И голоса по ту сторону мира совсем затихли.
– Да только что. И с чего это идиот? А ты не баловалась бы с хомусом, рано еще.
– Не твое дело. А идиот ты потому что… объяснять еще тебе! – почти выплюнула Куннэй, тряхнула волосами: больно ударили по спине тяжелые бусины. Она злилась, хотя знала, что он прав. – Постоянно ты не вовремя! Бли-ин, я же только!.. Не важно.
Она глубоко вдохнула, выдохнула, снова вдохнула, сильно сжала хомус так, что на коже остались следы металлического корпуса и еще не совсем затихшего язычка…
– Прости. Рада, что ты приехал. Хотя и опоздал, праздник почти закончился.
Темнело. И ярче стали выделяться в отдалении, казалось, ужасно высокие, до самого розового неба костры. Брат обнял ее, потрепал по волосам:
– Ничего. И я рад, что приехал, пожалуй. Пойдем, познакомлю тебя кое с кем.
– Не хочу я ни с кем знакомиться.
– Зря. Он очень хороший человек.
***
А сейчас этот «очень хороший человек» полулежал на полке уютно-чистого спального вагона, ловил скакавшие от толчков поезда строки «Полного собрания сочинений великого алхимика Иммануэля Тридцать Пятого о душах, веществах и их преобразовании».
Куннэй повернула к нему голову, сказала, давя в голосе скуку:
– Интересная книга?
– Весьма! Знаешь, прелюбопытнейшее сочинение, хотя и не без специфики… Впрочем, она и написала во время специфическое ввиду своей давности.

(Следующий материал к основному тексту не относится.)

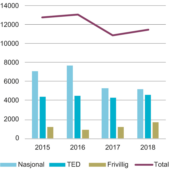 Tall fra Doffin viser at etter at den nasjonale terskelverdien ble hevet i 2017, har det totale antallet kunngjøringer som forventet gått noe ned, se figur 5.1. Antallet frivillige kunngjøringer har samtidig økt fra 941 frivillige kunngjøringer i 2016, til 1 353 i 2017 og 1 733 i 2018.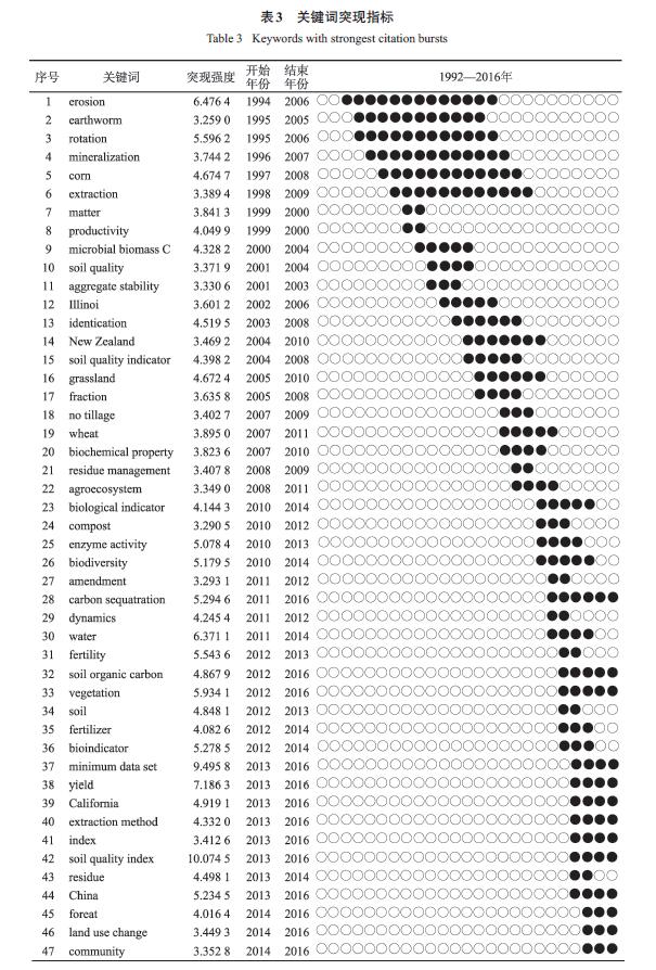 土壤質(zhì)量概念的產(chǎn)生與發(fā)展有著深刻的時(shí)代背景和需求。人類發(fā)展的階段性和動(dòng)態(tài)性、全球氣候變化與人類活動(dòng)影響的加劇、學(xué)科的不斷交融是決定土壤質(zhì)量主題演變的主要因素。土壤質(zhì)量在20 多年的發(fā)展階段中,涌現(xiàn)了一些標(biāo)志性的經(jīng)典文獻(xiàn),引發(fā)了大量學(xué)者關(guān)注,從而產(chǎn)生了新的研究點(diǎn)。依據(jù)Citespace V理論和分析結(jié)果,本文著重對(duì)文獻(xiàn)中心性高于0.03、突現(xiàn)性高于4、共被引頻次大于30 的關(guān)鍵文獻(xiàn)進(jìn)行分析,綜合以上量化指標(biāo),對(duì)該領(lǐng)域研究熱點(diǎn)及其變遷進(jìn)行了解析。在研究趨勢方面,截取突現(xiàn)性大于4,開始年份為2011年,結(jié)束年份為2016年的關(guān)鍵詞進(jìn)行了分析。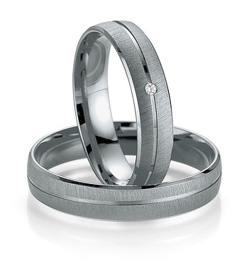 Obrączki platynowe Breuning wykonane z platyny próby 950 lub 600 w technologii bezszwowej. W modelu damskim można oprawić diamenty. W standardowej wersji producent proponuje oprawę brylantu o masie 0.02 ct, czystości SI i barwie H. Parametry brylantu potwierdzone są certyfikatem.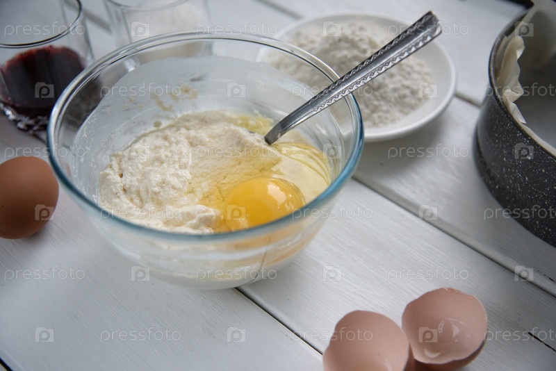 Процесс приготовления пирога с ингридиентами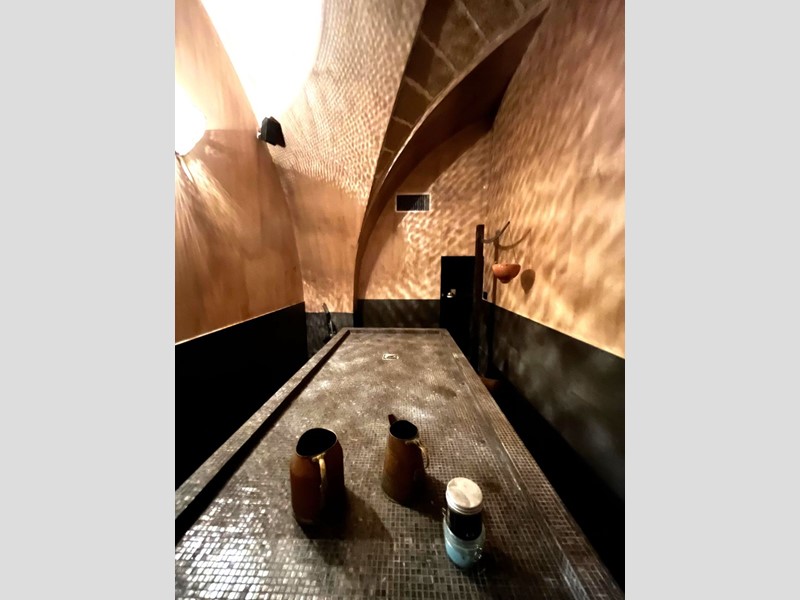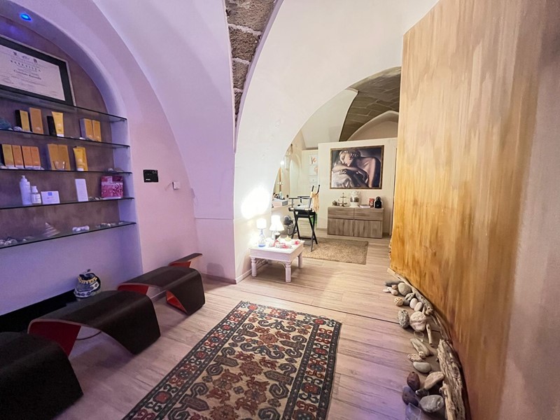 Si dispone con ampio ingresso, cinque cabine comode, ampio vano con volta a stella caratteristica e a faccia vista con favolosa vasca idromassaggio e due ulteriori cabine per i trattamenti.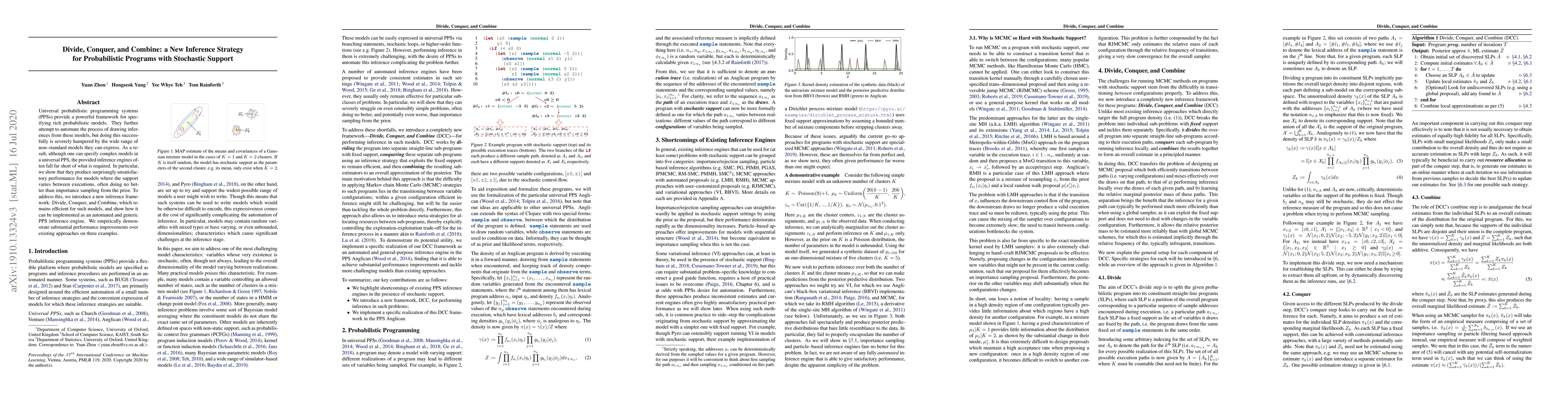 Universal probabilistic programming systems (PPSs) provide a powerful framework for specifying rich probabilistic models. They further attempt to automate the process of drawing inferences from these models, but doing this successfully is severely hampered by the wide range of non--standard models they can express. As a result, although one can specify complex models in a universal PPS, the provided inference engines often fall far short of what is required. In particular, we show that they produce surprisingly unsatisfactory performance for models where the support varies between executions, often doing no better than importance sampling from the prior. To address this, we introduce a new inference framework: Divide, Conquer, and Combine, which remains efficient for such models, and show how it can be implemented as an automated and generic PPS inference engine. We empirically demonstrate substantial performance improvements over existing approaches on three examples.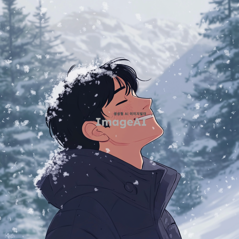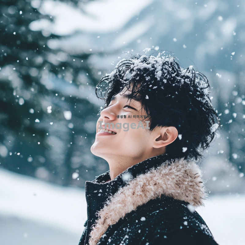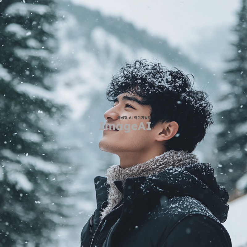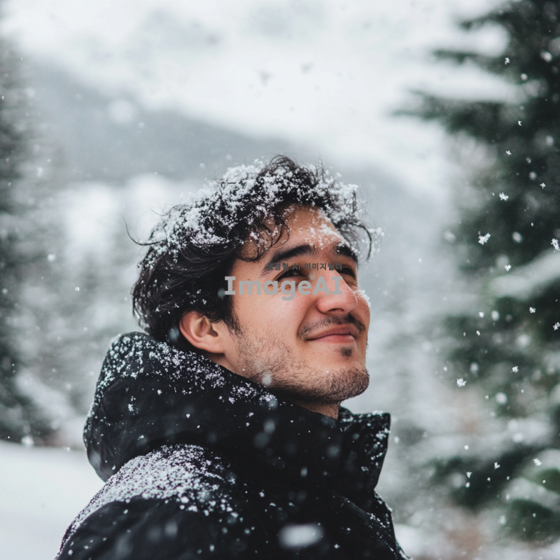 겨울 풍경 속에서 눈을 맞고 있는 흑발 성인 남자의 모습. 부드러운 눈송이가 그의 머리와 어깨에 내려앉고, 따뜻한 겨울 코트를 입고 있다. 배경에는 하얀 눈으로 덮인 나무와 산이 보이며, 차가운 공기 속에서 그의 얼굴에는 행복한 미소가 번지고 있다. 자연의 아름다움과 겨울의 정취가 함께 어우러진 장면.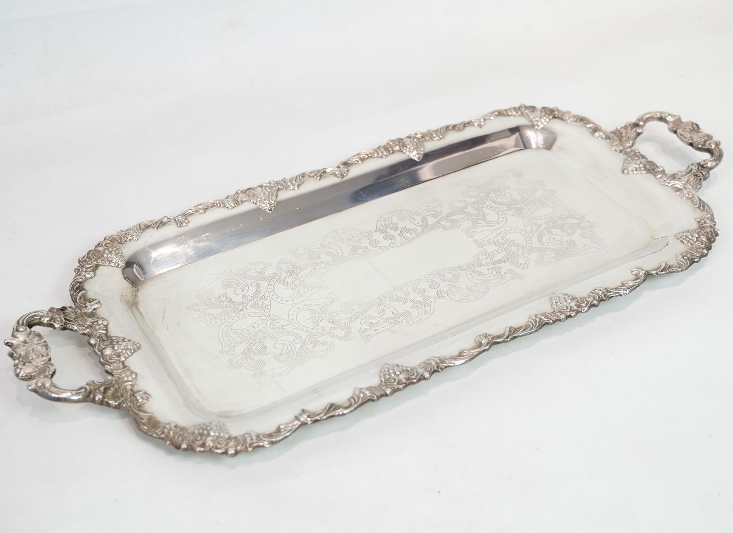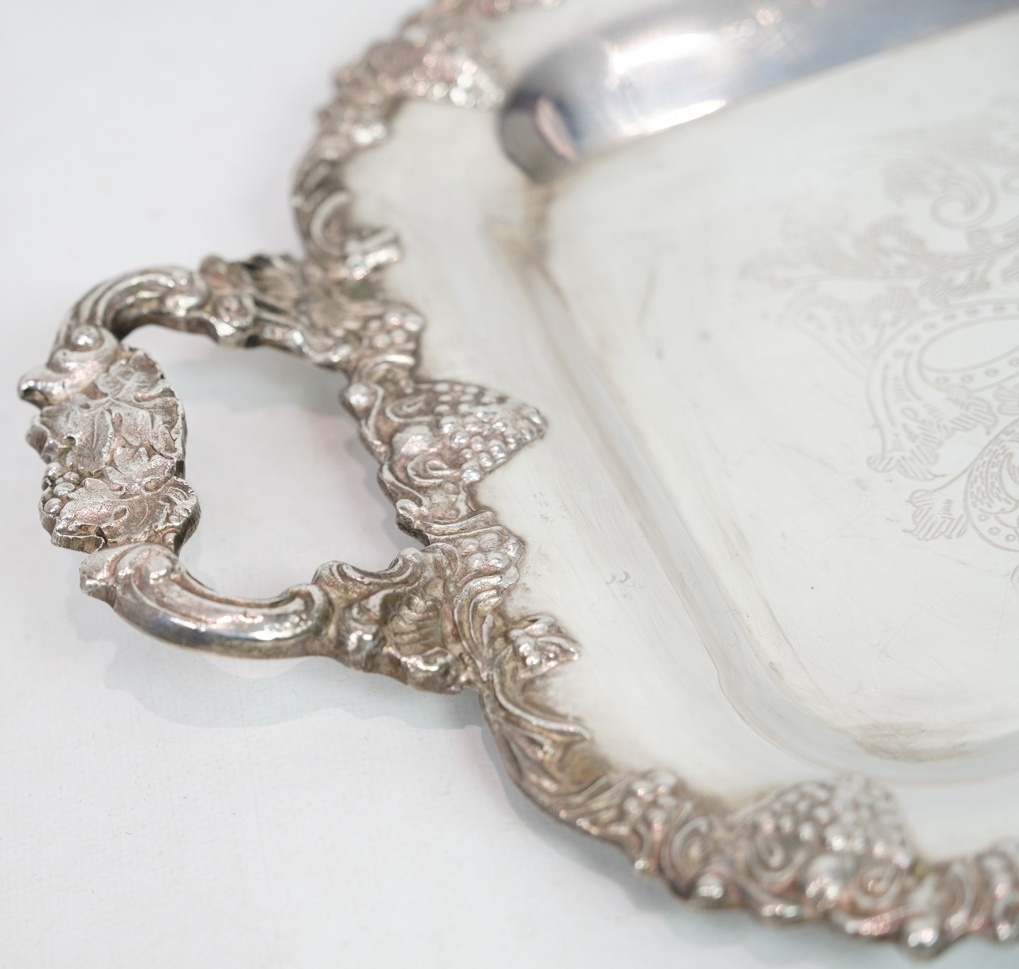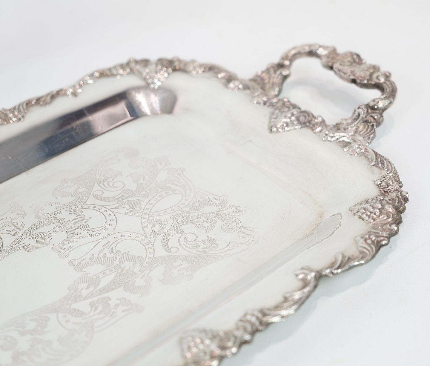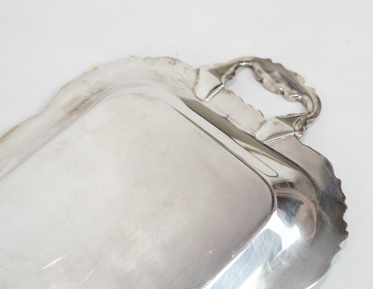 Elongated dish in silver-plated brass from around the 1930s.Dimensions in cm: H:4 W:63 D:27

– И о чем же там написано?
– Как сказать… о фундаментальной расщепленности мира на зримое и трансцендентно непознаваемое, а потому и, конечно, «незримое». Очень занятно, хотя идея не нова: в той или иной форме она прослеживается и у Платона с его «миром вещей» и «миром идей», несколько позже – в Кантовой теории мироздания, разделяющей бытие как вещь-в-себе, то, чем оно является в действительности, объективно, и бытие как воспринимаемый человеком феномен… Продолжать можно долго, особенно если от Канта провести идею взгляда как акта, действия, ко вполне современному экзистенциализму, знаешь, к Хайдеггеру и прочим, но суть-то не в том! Точнее, не в самой теории, которая занятна, но бессмысленна с точки зрения практики – суть в том, как одна идея возрождается то там, то здесь и каждый раз становится вехой, откровением. И ведь это не только в, так сказать, более или менее академической философии, которая, опять же, более или менее наследует предыдущие учения – нет, те же идеи, пусть и в несколько ином виде, обнаруживаются в романтизме с его двоемирием, в мифологии древних самых разных регионов и, в общем-то, разных культур…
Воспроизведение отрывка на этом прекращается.